→ Collected material:
%%

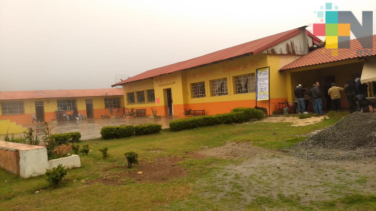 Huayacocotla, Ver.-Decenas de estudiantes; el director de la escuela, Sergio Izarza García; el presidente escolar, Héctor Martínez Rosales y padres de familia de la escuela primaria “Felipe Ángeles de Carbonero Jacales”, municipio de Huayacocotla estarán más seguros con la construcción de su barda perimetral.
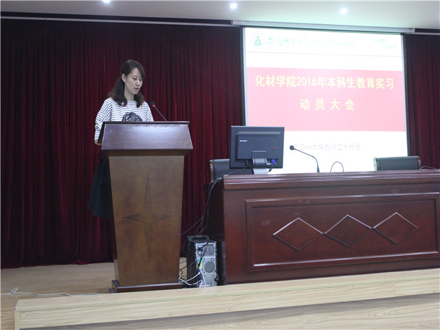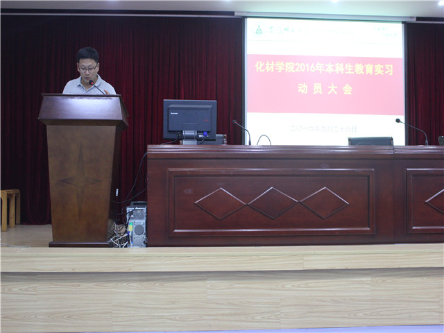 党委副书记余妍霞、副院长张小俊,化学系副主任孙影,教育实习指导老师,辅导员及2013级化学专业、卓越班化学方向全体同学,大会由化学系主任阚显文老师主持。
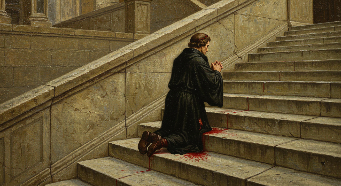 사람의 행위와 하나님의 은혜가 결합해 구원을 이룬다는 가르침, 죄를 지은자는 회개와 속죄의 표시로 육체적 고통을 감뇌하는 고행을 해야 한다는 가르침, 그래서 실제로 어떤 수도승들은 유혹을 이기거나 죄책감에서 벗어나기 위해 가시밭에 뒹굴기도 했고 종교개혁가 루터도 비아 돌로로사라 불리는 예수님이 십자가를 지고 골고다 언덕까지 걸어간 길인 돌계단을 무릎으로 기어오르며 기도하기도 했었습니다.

%%

→ Work instructions: Everything in the listing above is to be given again exactly, apart from the pictures.

→ Exercise output:
 Huayacocotla, Ver.-Decenas de estudiantes; el director de la escuela, Sergio Izarza García; el presidente escolar, Héctor Martínez Rosales y padres de familia de la escuela primaria “Felipe Ángeles de Carbonero Jacales”, municipio de Huayacocotla estarán más seguros con la construcción de su barda perimetral.
 党委副书记余妍霞、副院长张小俊,化学系副主任孙影,教育实习指导老师,辅导员及2013级化学专业、卓越班化学方向全体同学,大会由化学系主任阚显文老师主持。
 사람의 행위와 하나님의 은혜가 결합해 구원을 이룬다는 가르침, 죄를 지은자는 회개와 속죄의 표시로 육체적 고통을 감뇌하는 고행을 해야 한다는 가르침, 그래서 실제로 어떤 수도승들은 유혹을 이기거나 죄책감에서 벗어나기 위해 가시밭에 뒹굴기도 했고 종교개혁가 루터도 비아 돌로로사라 불리는 예수님이 십자가를 지고 골고다 언덕까지 걸어간 길인 돌계단을 무릎으로 기어오르며 기도하기도 했었습니다.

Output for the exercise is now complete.